[SUPPLIED ENTRIES — start]

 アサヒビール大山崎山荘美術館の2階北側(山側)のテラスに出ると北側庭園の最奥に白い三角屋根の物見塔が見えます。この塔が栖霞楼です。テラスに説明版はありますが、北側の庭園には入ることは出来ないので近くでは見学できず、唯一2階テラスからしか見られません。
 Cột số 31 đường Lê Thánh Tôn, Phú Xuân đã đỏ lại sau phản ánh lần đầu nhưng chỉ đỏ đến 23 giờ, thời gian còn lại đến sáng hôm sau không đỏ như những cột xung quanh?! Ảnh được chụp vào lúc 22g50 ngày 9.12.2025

[SUPPLIED ENTRIES — finish]
[SUPPLIED ENTRIES — start]

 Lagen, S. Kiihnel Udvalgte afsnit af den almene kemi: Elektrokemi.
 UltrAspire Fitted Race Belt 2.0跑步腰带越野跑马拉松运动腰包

[SUPPLIED ENTRIES — finish]
[SUPPLIED ENTRIES — start]

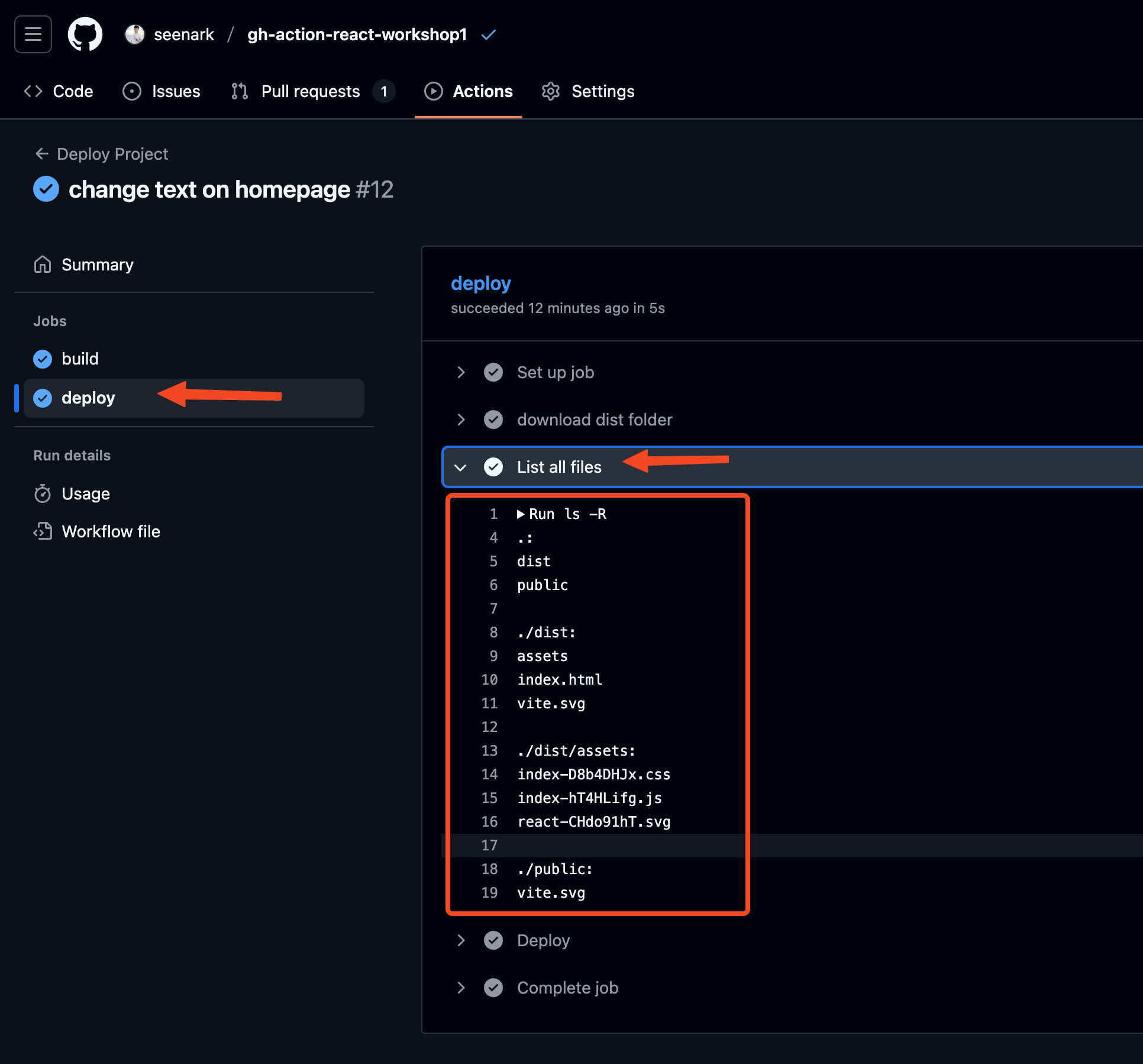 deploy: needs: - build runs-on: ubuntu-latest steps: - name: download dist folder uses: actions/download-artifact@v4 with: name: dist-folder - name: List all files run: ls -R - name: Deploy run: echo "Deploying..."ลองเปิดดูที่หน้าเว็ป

[SUPPLIED ENTRIES — finish]

EXERCISE INSTRUCTIONS: In the listing above, find the line with "アサヒビール大山崎山荘美術館" and the line with "Cột số 31 đường", then reproduce both and every line between them exactly.

ANSWER BELOW:
 アサヒビール大山崎山荘美術館の2階北側(山側)のテラスに出ると北側庭園の最奥に白い三角屋根の物見塔が見えます。この塔が栖霞楼です。テラスに説明版はありますが、北側の庭園には入ることは出来ないので近くでは見学できず、唯一2階テラスからしか見られません。
 Cột số 31 đường Lê Thánh Tôn, Phú Xuân đã đỏ lại sau phản ánh lần đầu nhưng chỉ đỏ đến 23 giờ, thời gian còn lại đến sáng hôm sau không đỏ như những cột xung quanh?! Ảnh được chụp vào lúc 22g50 ngày 9.12.2025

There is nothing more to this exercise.